— Recorded information —
____________

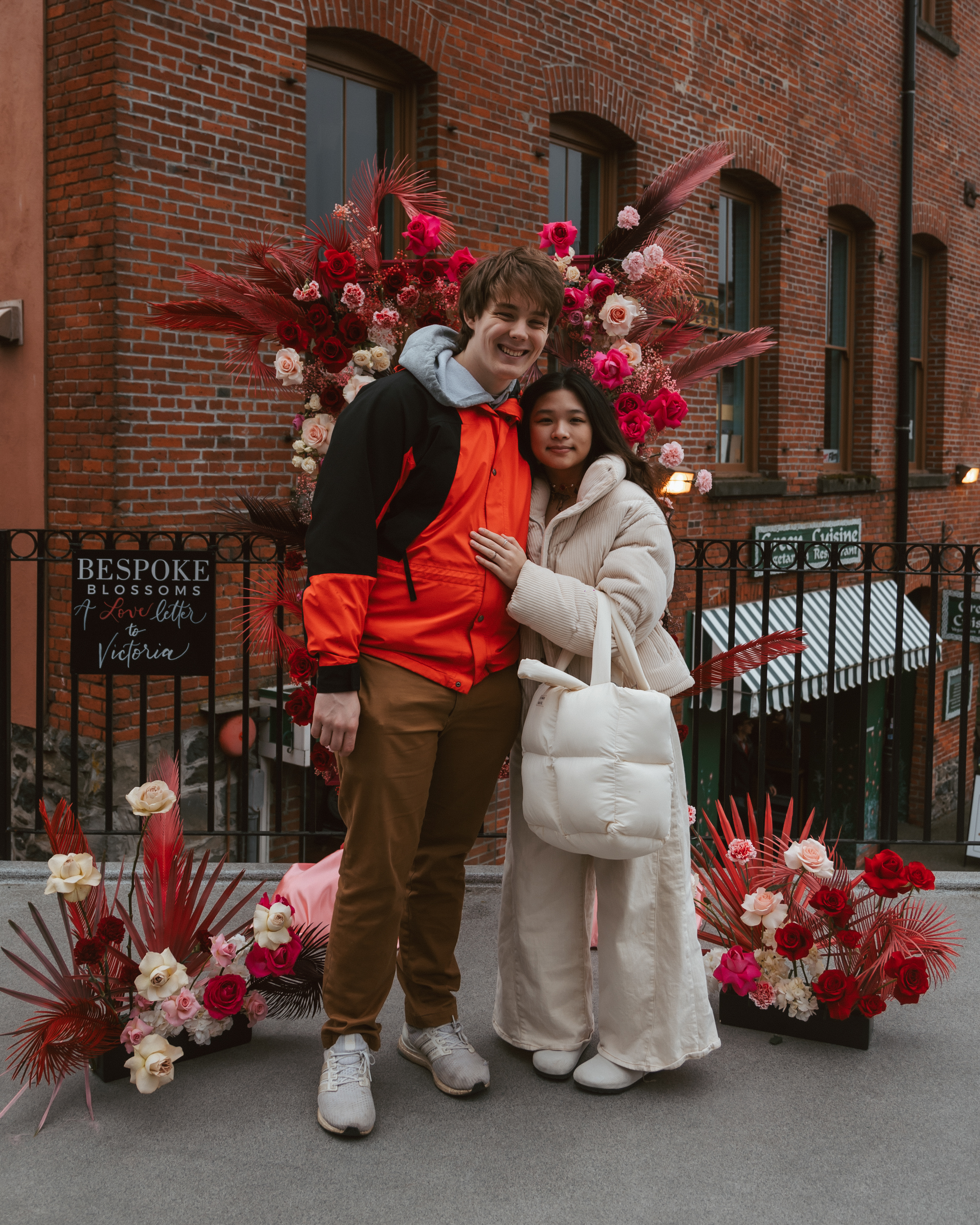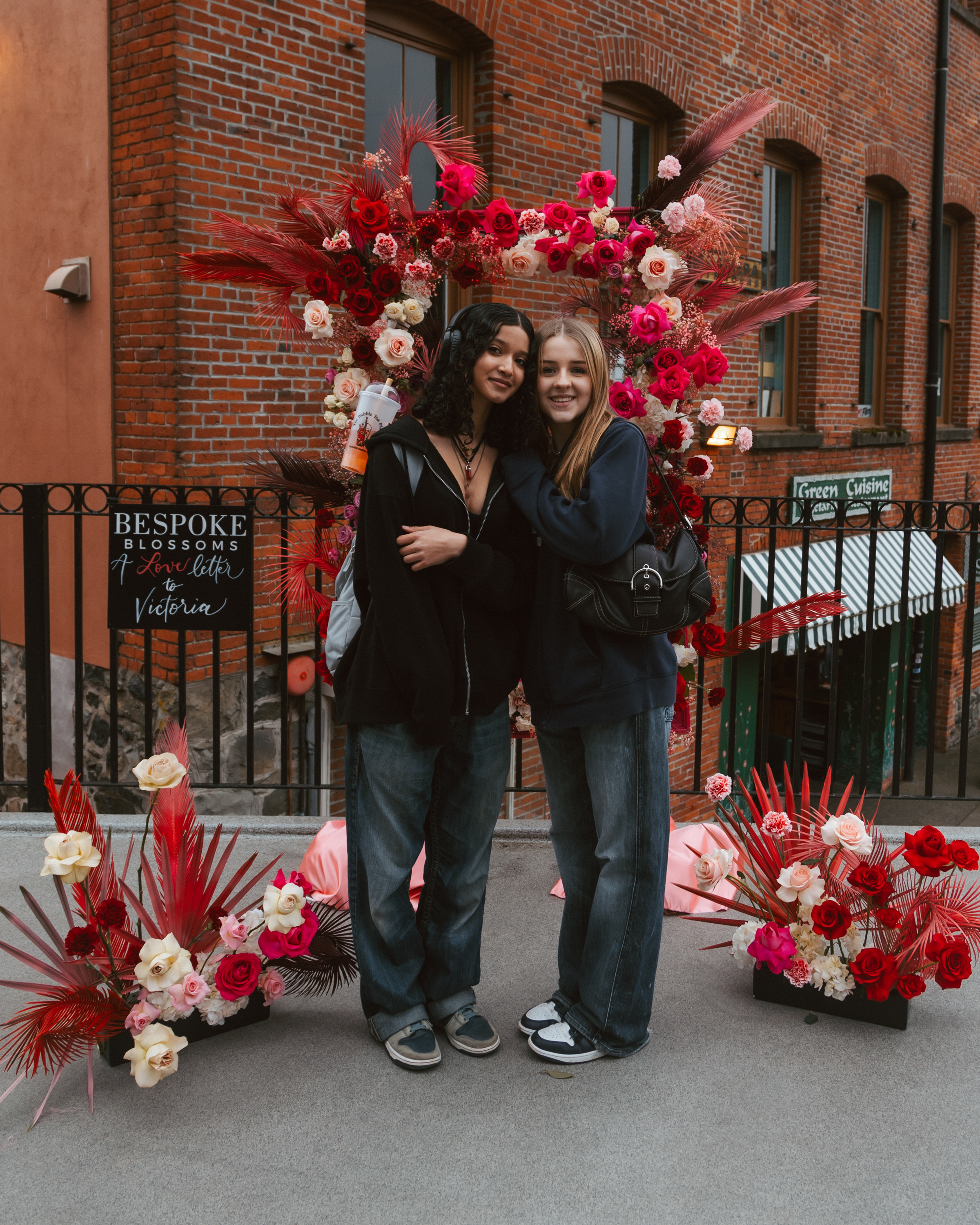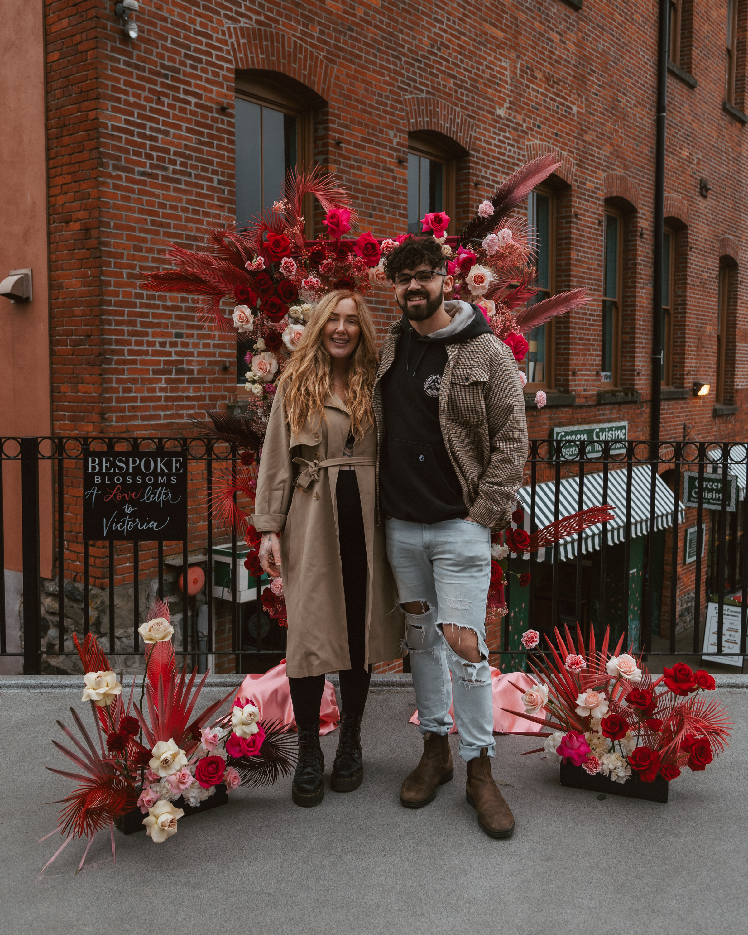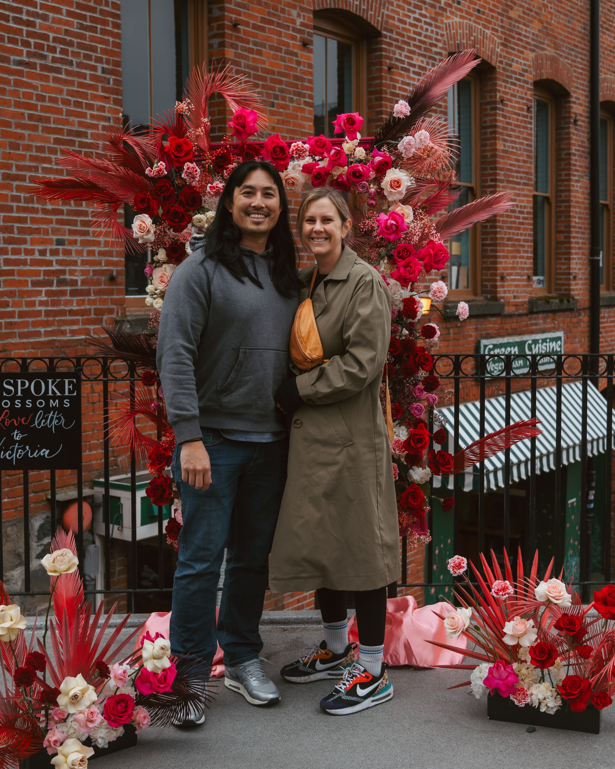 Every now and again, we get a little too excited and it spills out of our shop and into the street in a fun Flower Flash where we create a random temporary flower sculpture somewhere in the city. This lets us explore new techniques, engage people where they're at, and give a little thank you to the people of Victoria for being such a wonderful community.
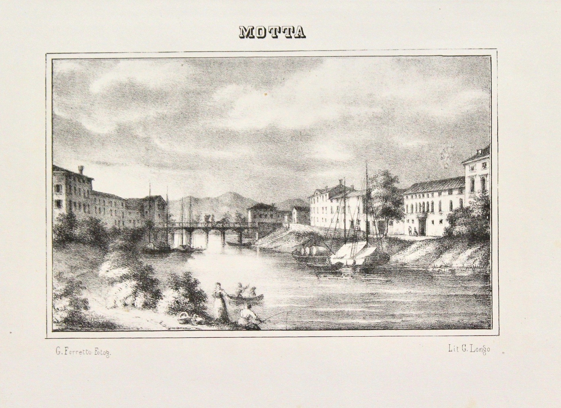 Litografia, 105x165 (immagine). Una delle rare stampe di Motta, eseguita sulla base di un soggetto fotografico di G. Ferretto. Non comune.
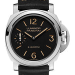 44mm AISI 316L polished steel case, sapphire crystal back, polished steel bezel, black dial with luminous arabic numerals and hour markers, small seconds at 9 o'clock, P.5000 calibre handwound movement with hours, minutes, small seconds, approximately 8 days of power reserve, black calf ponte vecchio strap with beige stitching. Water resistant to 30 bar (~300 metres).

____________

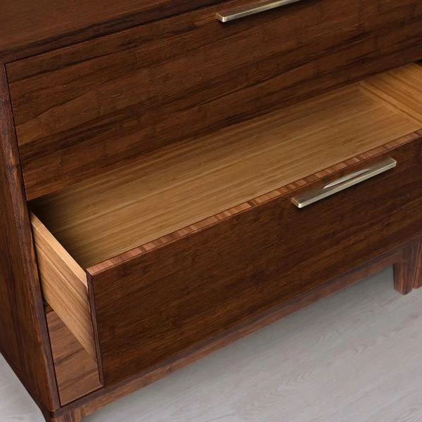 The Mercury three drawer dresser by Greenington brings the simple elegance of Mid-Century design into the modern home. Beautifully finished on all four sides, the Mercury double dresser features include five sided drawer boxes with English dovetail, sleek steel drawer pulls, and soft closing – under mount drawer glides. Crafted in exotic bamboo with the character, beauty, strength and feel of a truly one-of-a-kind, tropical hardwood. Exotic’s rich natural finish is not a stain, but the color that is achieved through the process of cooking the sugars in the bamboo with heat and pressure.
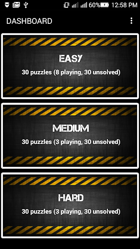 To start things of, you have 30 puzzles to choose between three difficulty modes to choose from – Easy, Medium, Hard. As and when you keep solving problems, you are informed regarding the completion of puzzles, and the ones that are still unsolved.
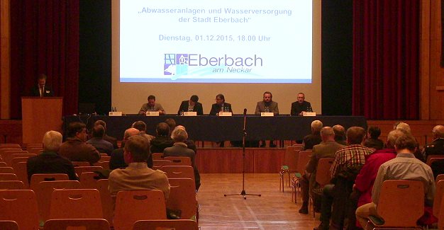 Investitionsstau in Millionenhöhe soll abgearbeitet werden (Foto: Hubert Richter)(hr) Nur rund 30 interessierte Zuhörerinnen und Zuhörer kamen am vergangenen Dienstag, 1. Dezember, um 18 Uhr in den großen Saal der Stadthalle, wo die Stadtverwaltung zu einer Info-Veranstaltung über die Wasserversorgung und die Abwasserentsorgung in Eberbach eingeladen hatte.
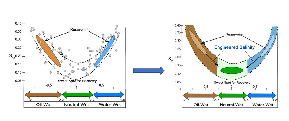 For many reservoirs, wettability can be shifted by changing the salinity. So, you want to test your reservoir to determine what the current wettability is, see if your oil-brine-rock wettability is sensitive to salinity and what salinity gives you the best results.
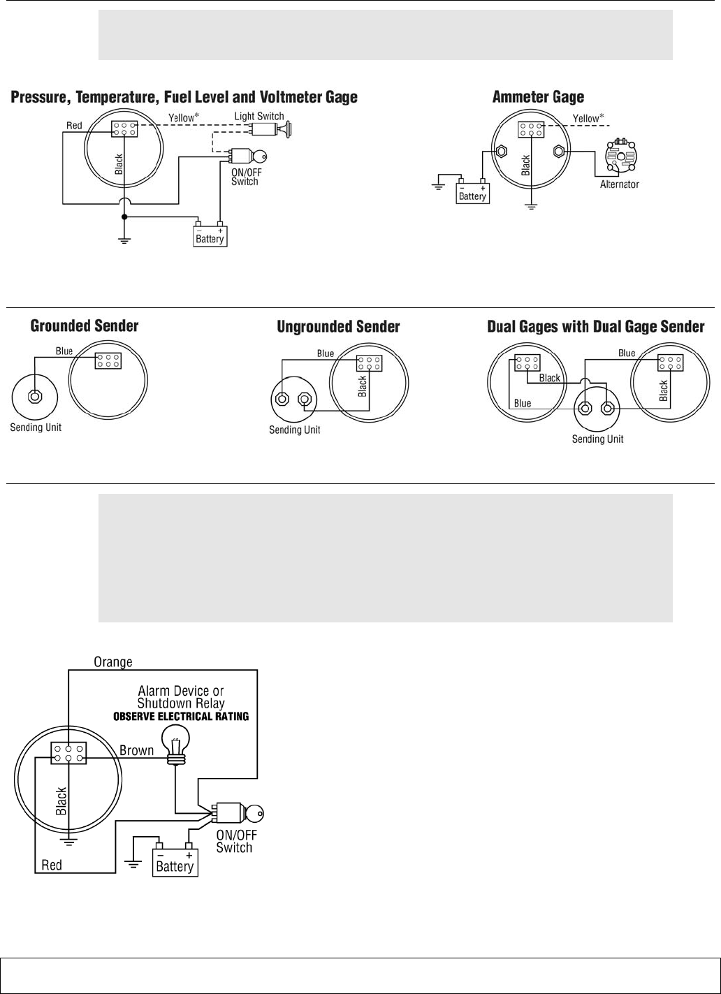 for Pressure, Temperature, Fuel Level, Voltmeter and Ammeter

____________

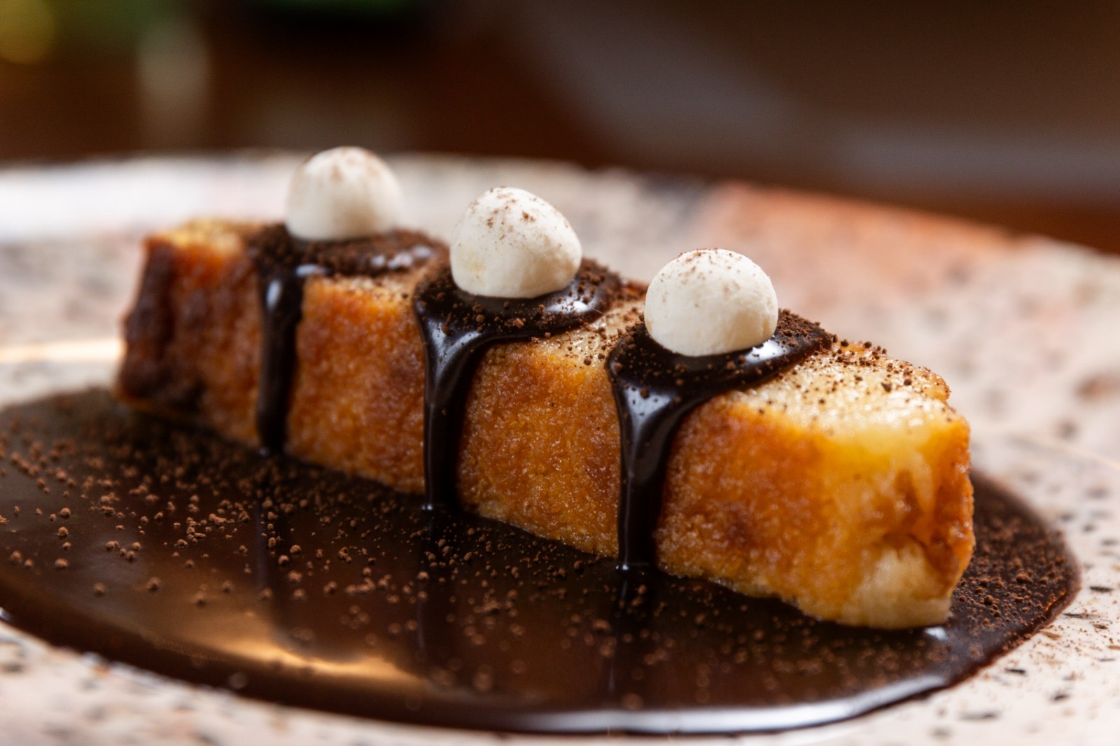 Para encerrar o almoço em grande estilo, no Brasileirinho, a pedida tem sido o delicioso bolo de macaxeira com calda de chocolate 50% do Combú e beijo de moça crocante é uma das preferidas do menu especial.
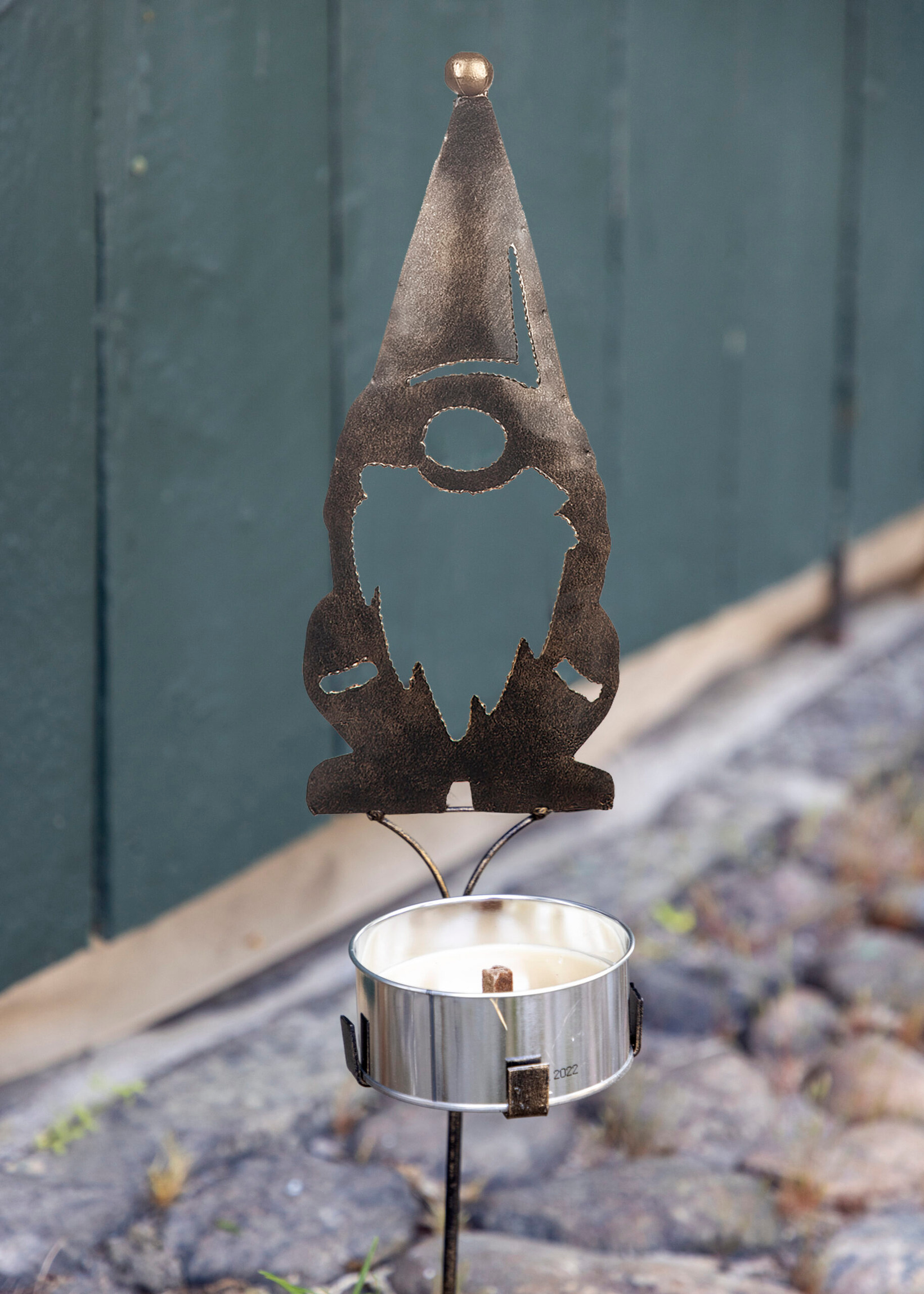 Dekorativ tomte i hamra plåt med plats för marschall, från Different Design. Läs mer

____________

— Exercise —
Restate word for word every line from the one with "Investitionsstau in Millionenhöhe" up to and including the one with "for Pressure, Temperature, Fuel" in the records above, minus the pictures.

— Reply —
 Investitionsstau in Millionenhöhe soll abgearbeitet werden (Foto: Hubert Richter)(hr) Nur rund 30 interessierte Zuhörerinnen und Zuhörer kamen am vergangenen Dienstag, 1. Dezember, um 18 Uhr in den großen Saal der Stadthalle, wo die Stadtverwaltung zu einer Info-Veranstaltung über die Wasserversorgung und die Abwasserentsorgung in Eberbach eingeladen hatte.
 For many reservoirs, wettability can be shifted by changing the salinity. So, you want to test your reservoir to determine what the current wettability is, see if your oil-brine-rock wettability is sensitive to salinity and what salinity gives you the best results.
 for Pressure, Temperature, Fuel Level, Voltmeter and Ammeter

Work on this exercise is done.